Haha you say 3 hours like its a long way. I'm 3 hours from there but east instead of west.


----------



## chithead (Mar 19, 2008)

Welcome to the wonderful world of Subaru! I can't say enough about them. They are just fantastic automobiles, and we will always have at least one in our driveway.

Nice choice of audio equipment also, and a super awesome install. Hope we can make it to a meet sometime and compare notes.


----------



## YoungClayB (Feb 17, 2014)

So I started looking at my EQ today and decided to download JL's iPhone app and see what my frequencies looked like under pink noise. 

Here is how I had my EQ set. It sounded pretty good at low volumes but if you cranked it, the highs were fatiguing at best and unbearable in some cases. 



And here is how my EQ looked after trying to flatten out everything north of 125 Hz. (The measurements for frequencies lower than 125 didn't appear to be accurate...they basically stayed the same no matter what I did. I was using the mic on an iPhone so that's understandable.)



I tried my best to eliminate the dip at 4k but this was the best I could do. 

By ear, I would have never adjusted an EQ to look like this. The sound is definitely different. Much more tame highs - I'm going to keep it like this for a while and see if it takes


----------



## BTA (Nov 5, 2005)

If you still have trouble with your highs and you have your tweets in the stock locations in corners of the dash, try turning them down 1 or 2 db, and flipping polarity.


----------



## chithead (Mar 19, 2008)

Honestly, our Pioneer 8400 is the same way. The Alpine ICS-X7HD it replaced never had that issue. A review on PASMAG of the 8400 noted the same issue, very bright at higher volumes


----------



## YoungClayB (Feb 17, 2014)

Well, I changed my crossover settings and did some EQ tweaking and here is what I can up with. I managed to get my RTA pretty flat across the board. I discovered a nasty spike around 125 Hz while listening to an Allison Krauss song with a punchy bull bass. The RTA wasn't lying before. I can't believe I have my components crossed over so high. I never would have thought it. I also changed my low pass slope from 12 db/octave to 24 db/octave. I've heard this is better in a hatchback/suv. I'm going to listen for a while like this and see what I think. I may also run a sweep to see if there are any frequencies between my crossover points that I am missing. RTA doesn't seem to think so.


----------



## optimaprime (Aug 16, 2007)

Nice man amazing what technology can do ! Rta on phone ! I love using mine on the phone and ipad!


----------



## chithead (Mar 19, 2008)

Interesting. That curve looks a bit better to me. Still has the detail you enjoy?


----------



## YoungClayB (Feb 17, 2014)

chithead said:


> Interesting. That curve looks a bit better to me. Still has the detail you enjoy?

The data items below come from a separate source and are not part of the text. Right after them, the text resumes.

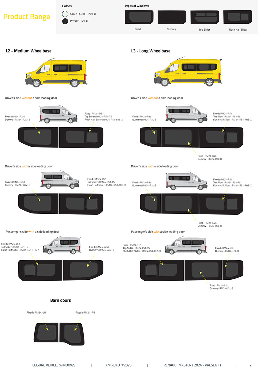 These Windows are available in Privacy Glass or Standard Light Green Glass (Clear)
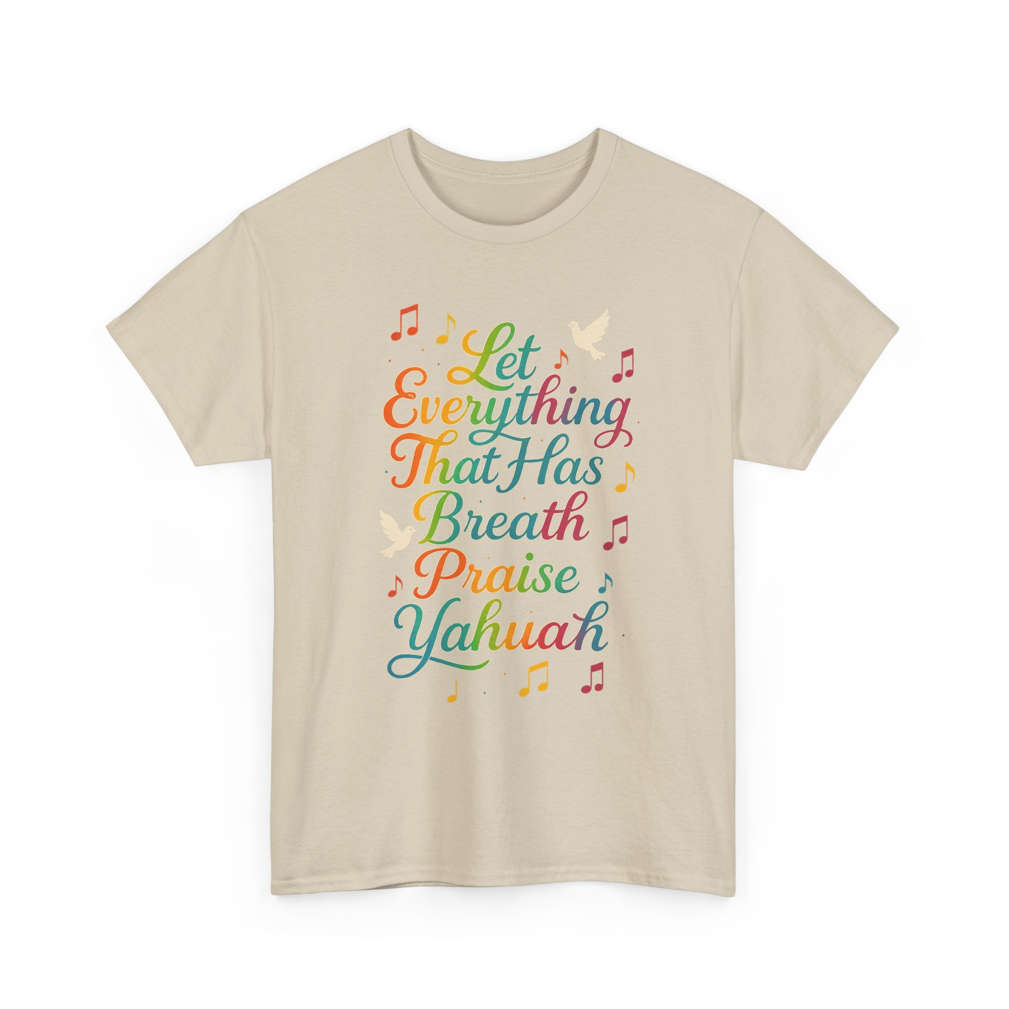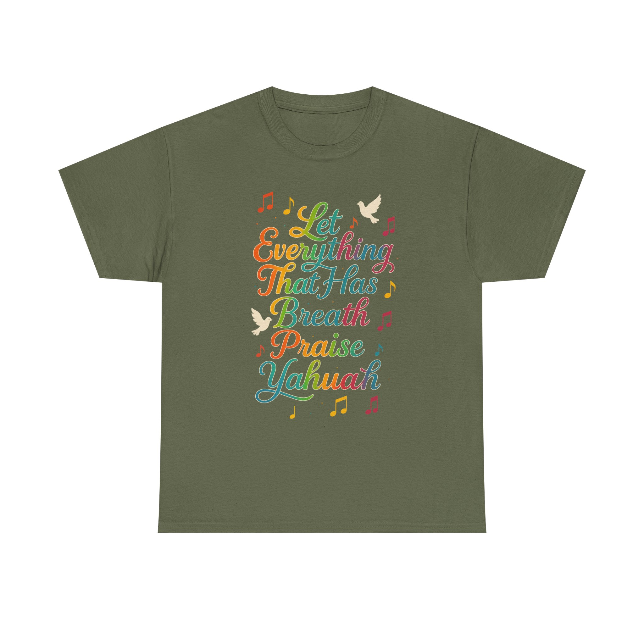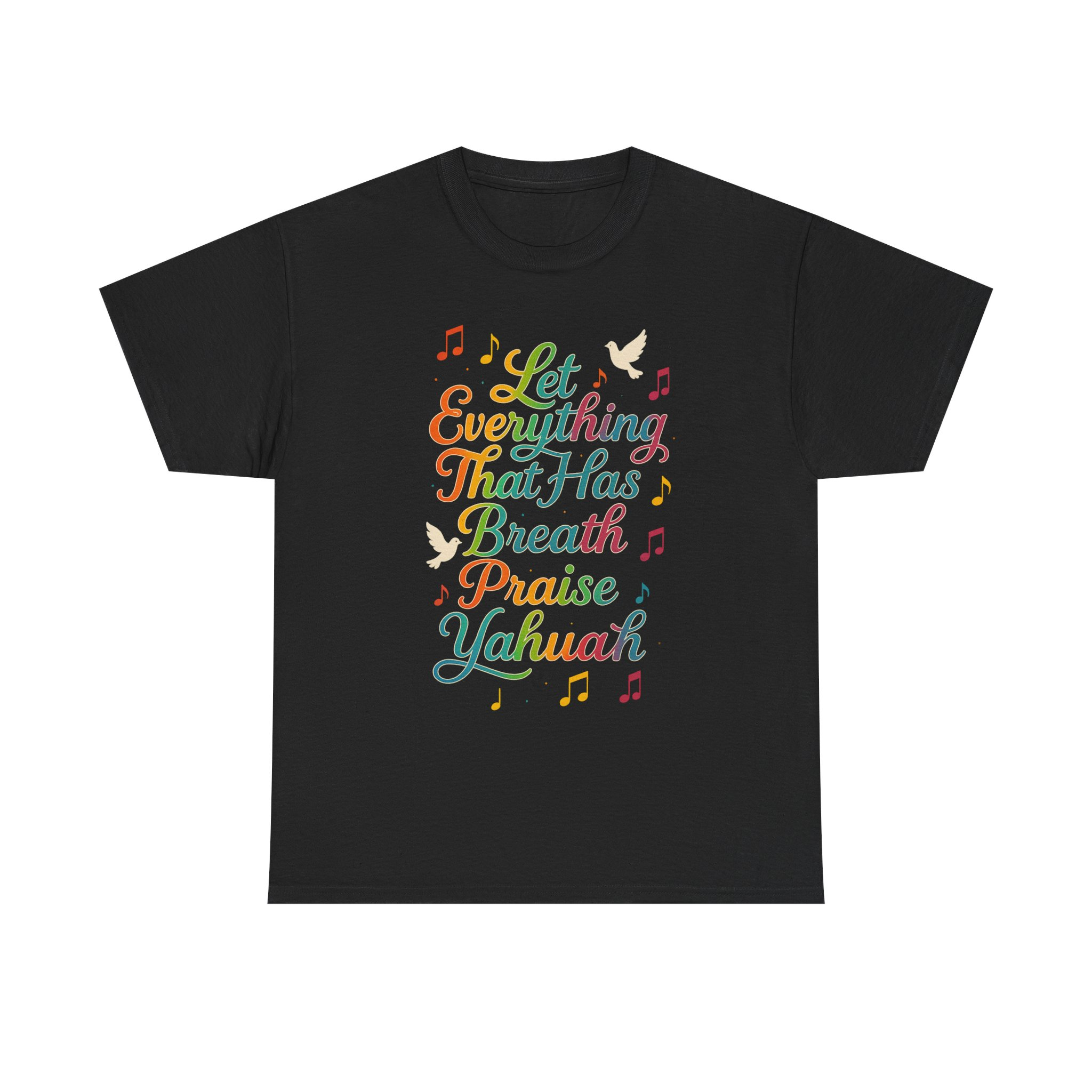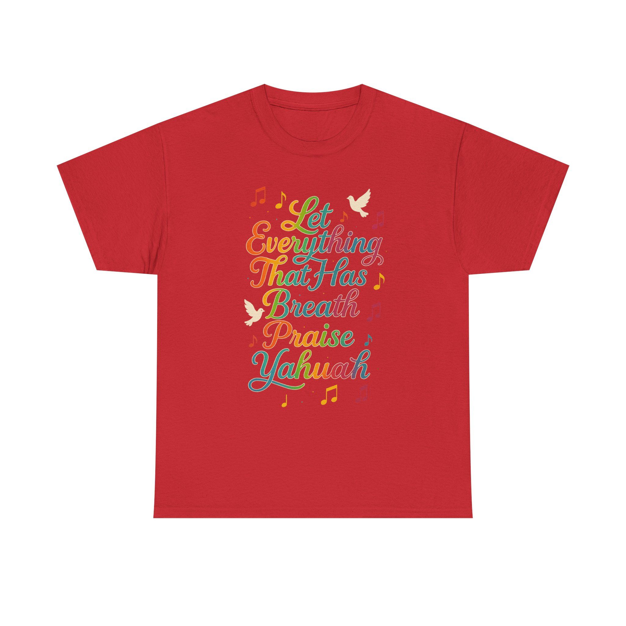 Spiritually charged and vibrant T-shirt featuring a graphic inspired by Psalm 150:6, declaring ‘Let Everything That Has Breath Praise Yahuah’. Perfect for those part of the awakening, walking in the commandments, or simply love representing the Most High boldly. Ideal for Shabbat gatherings, worship events, street witnessing, or everyday wear. Encourages praise to Yahuah with every breath, adding a spiritual touch to your wardrobe.
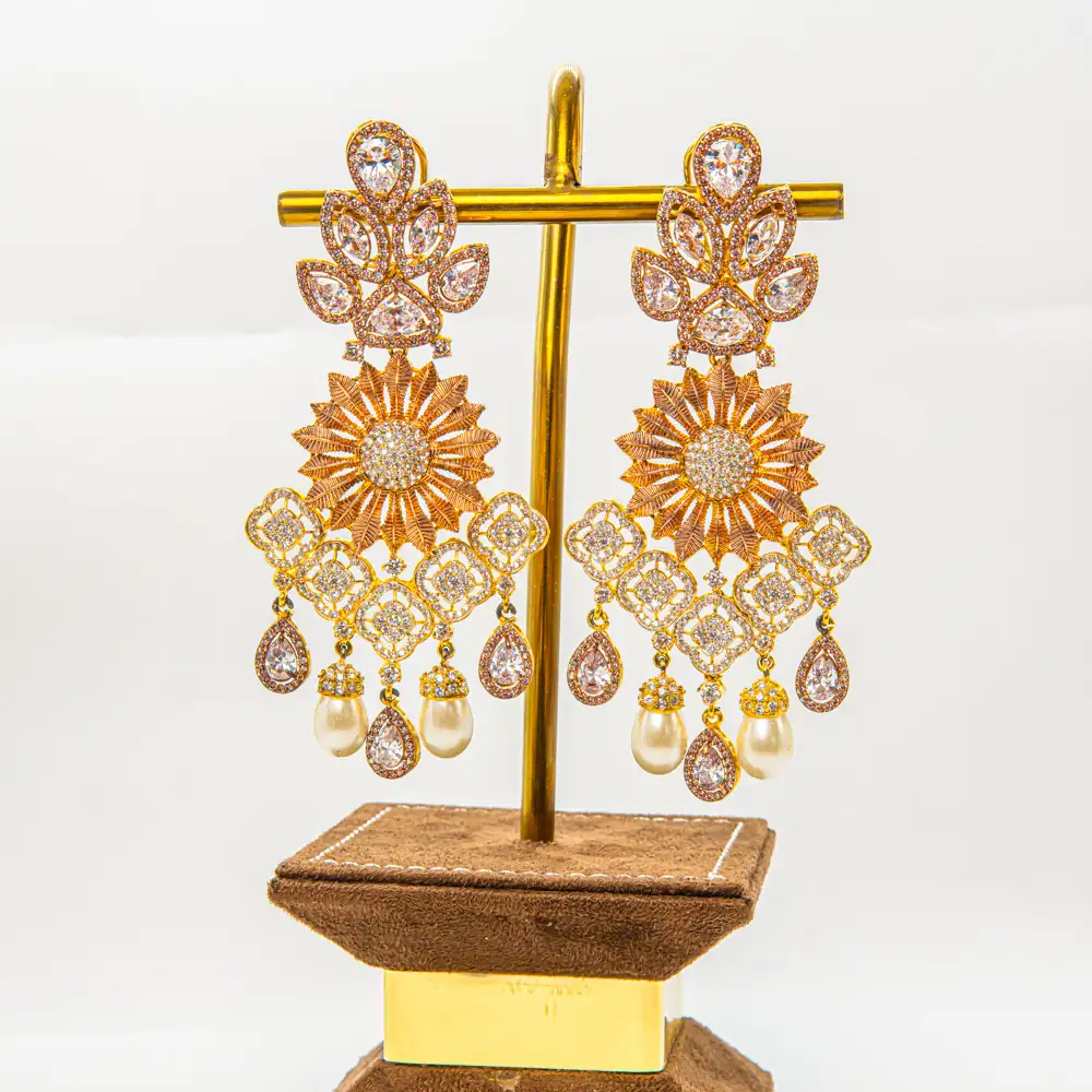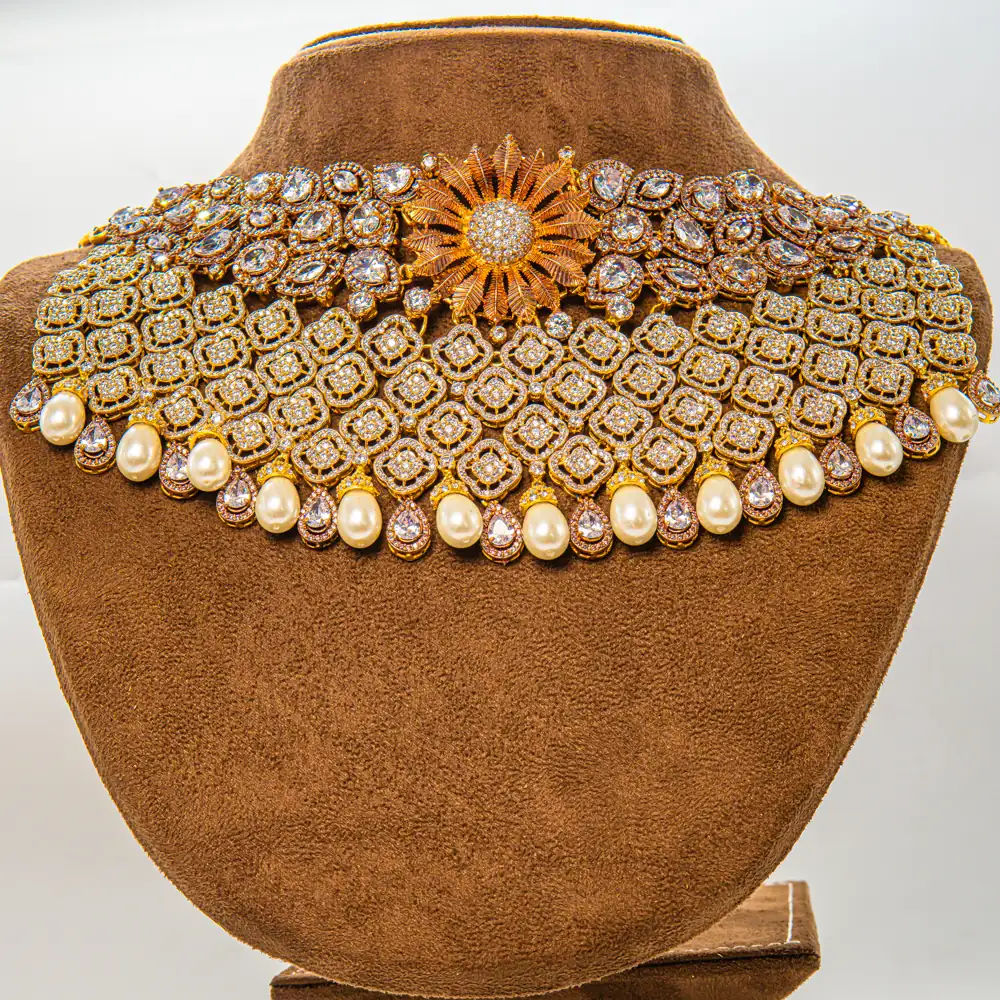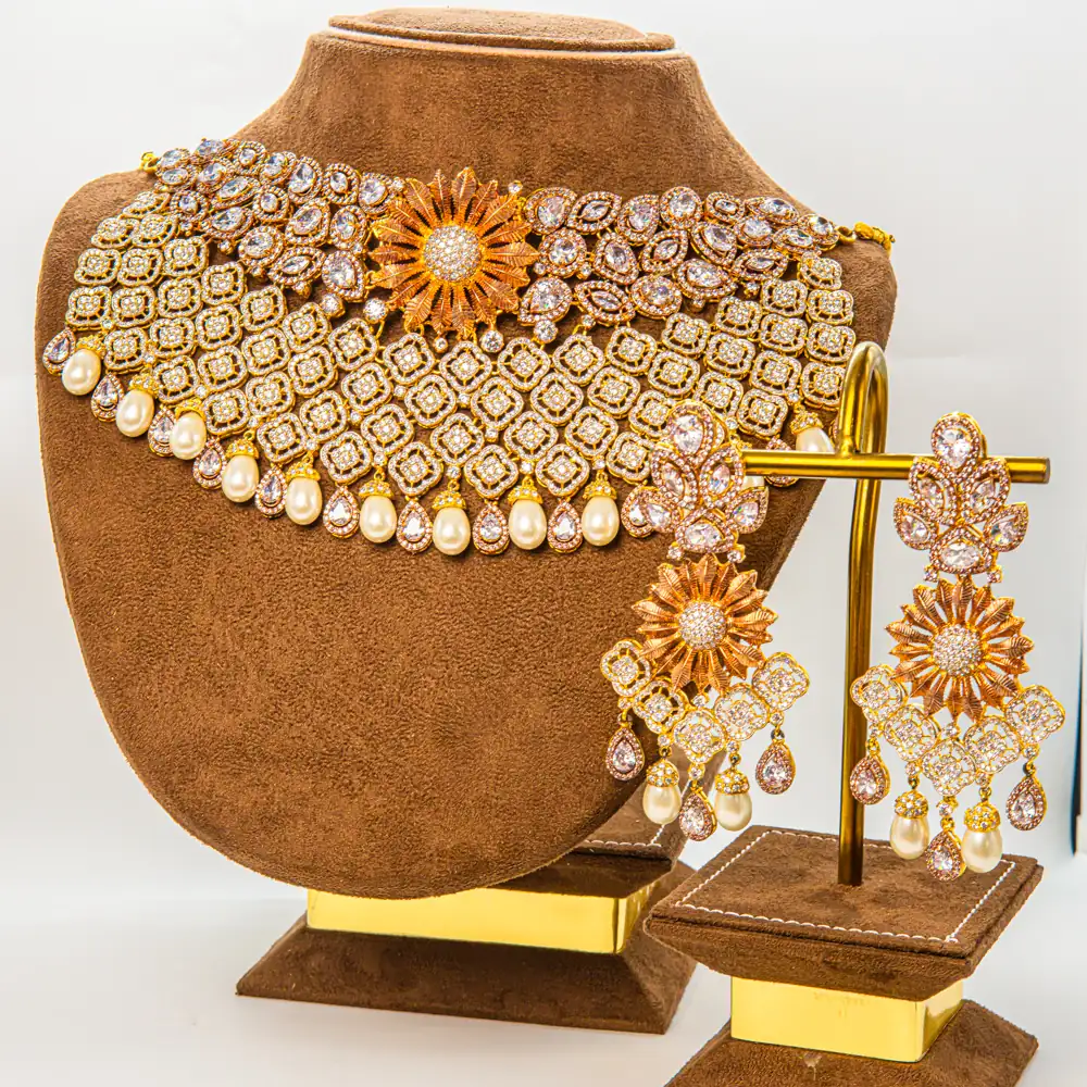 Design: Intricately handcrafted bridal necklace and earrings with luxurious detailing
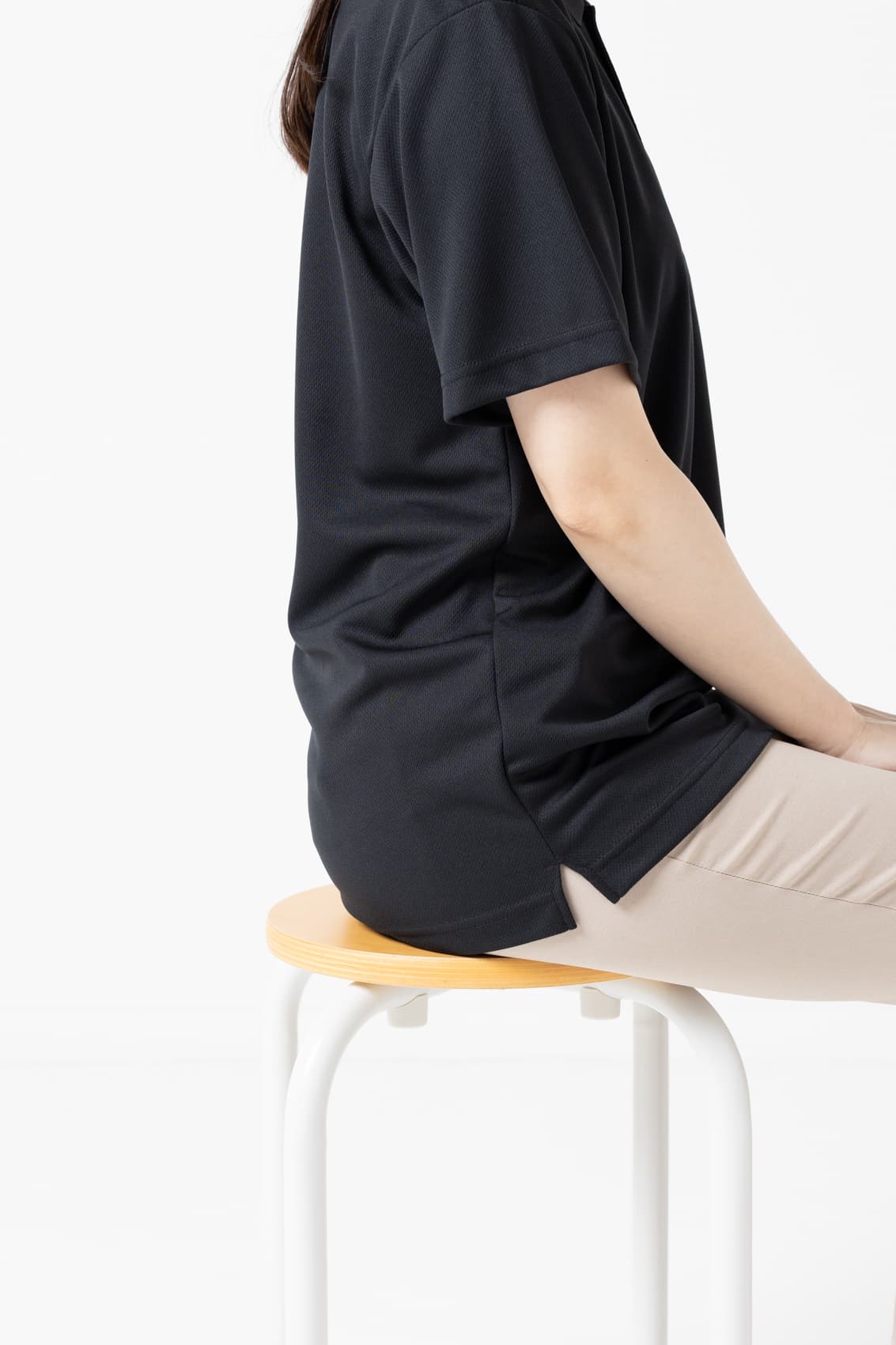 首元は柔らかく伸縮性があり、すその両端に切れ込みを入れてあるので動きやすく、ユニフォームとしてもアクティブなシーンでも快適に過ごせます。えり元のボタンでいつでも温度調節ができ、汗をかいてもすぐに乾くので、暑い日でもさらりと心地よく着られます。サイズやカラー展開も豊富で、幅広い年代や体型の方でも安心して選びやすいです。
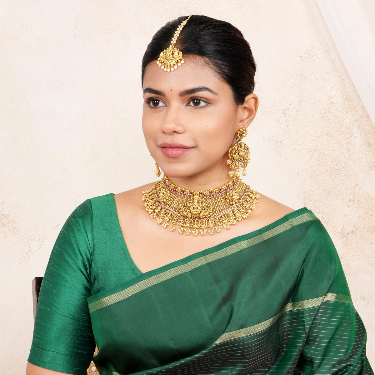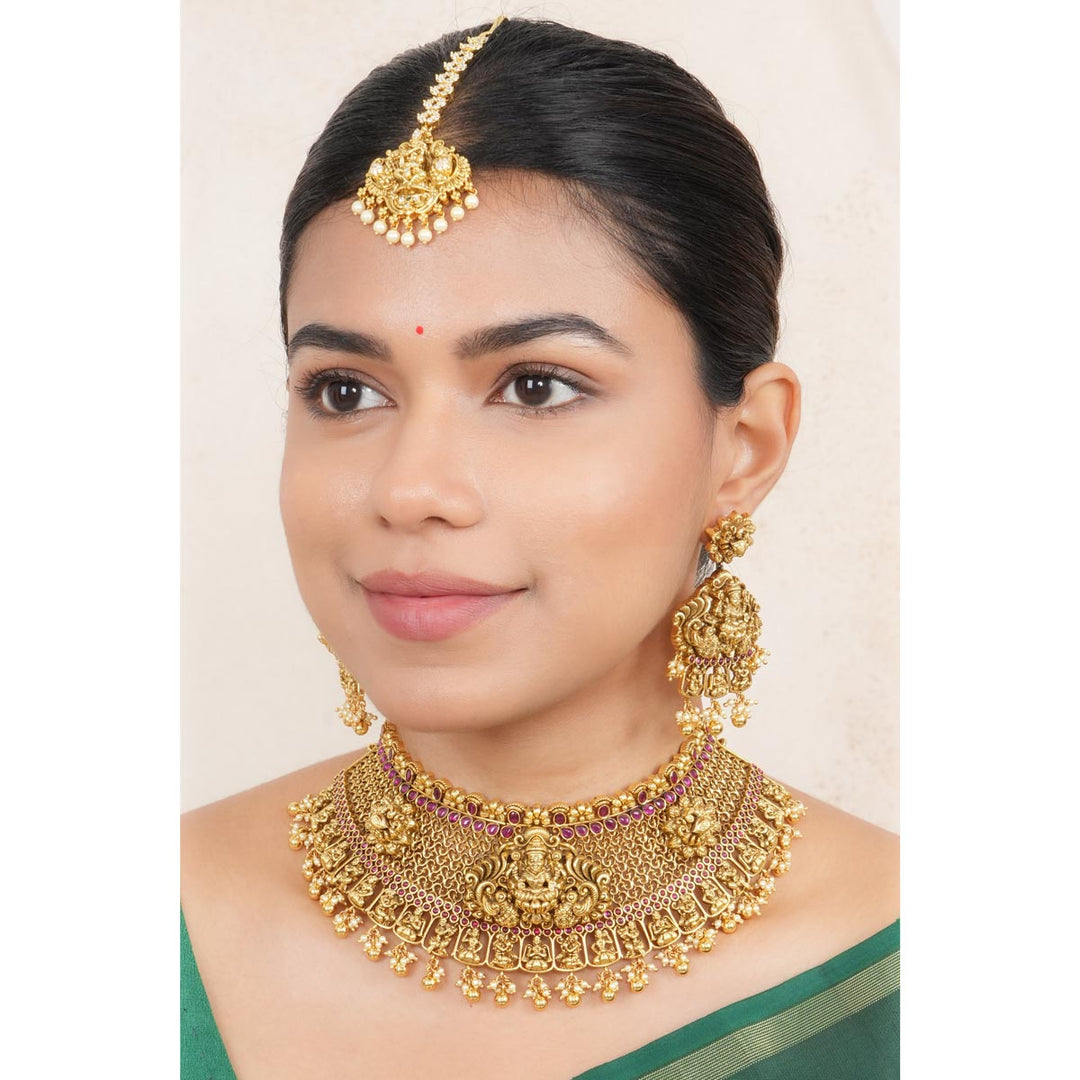 Note: The price mentioned is only for the Choker Necklace. To know the price of the Earrings, Maangtikka please contact Customer Care.
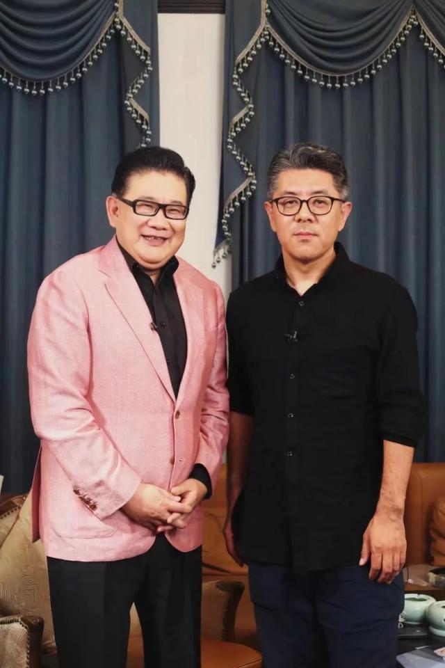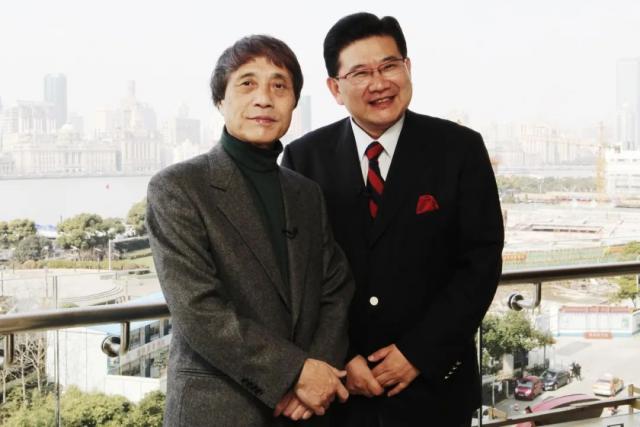 以上海外滩为背景的安藤忠雄(左)在震旦博物馆合影

The detail is definitely still there. It's missing some of the "thickness" on the low end, but I think that's ok. I think I had just gotten used to listening to a muddy wall between 80 and 200 Hz


----------



## chithead (Mar 19, 2008)

Yeah I had a hard time with the muddy or bloated bottom end and then the crazy highs on that 8400. Would make my cheeks hurt on some song from that piercing bright upper end. 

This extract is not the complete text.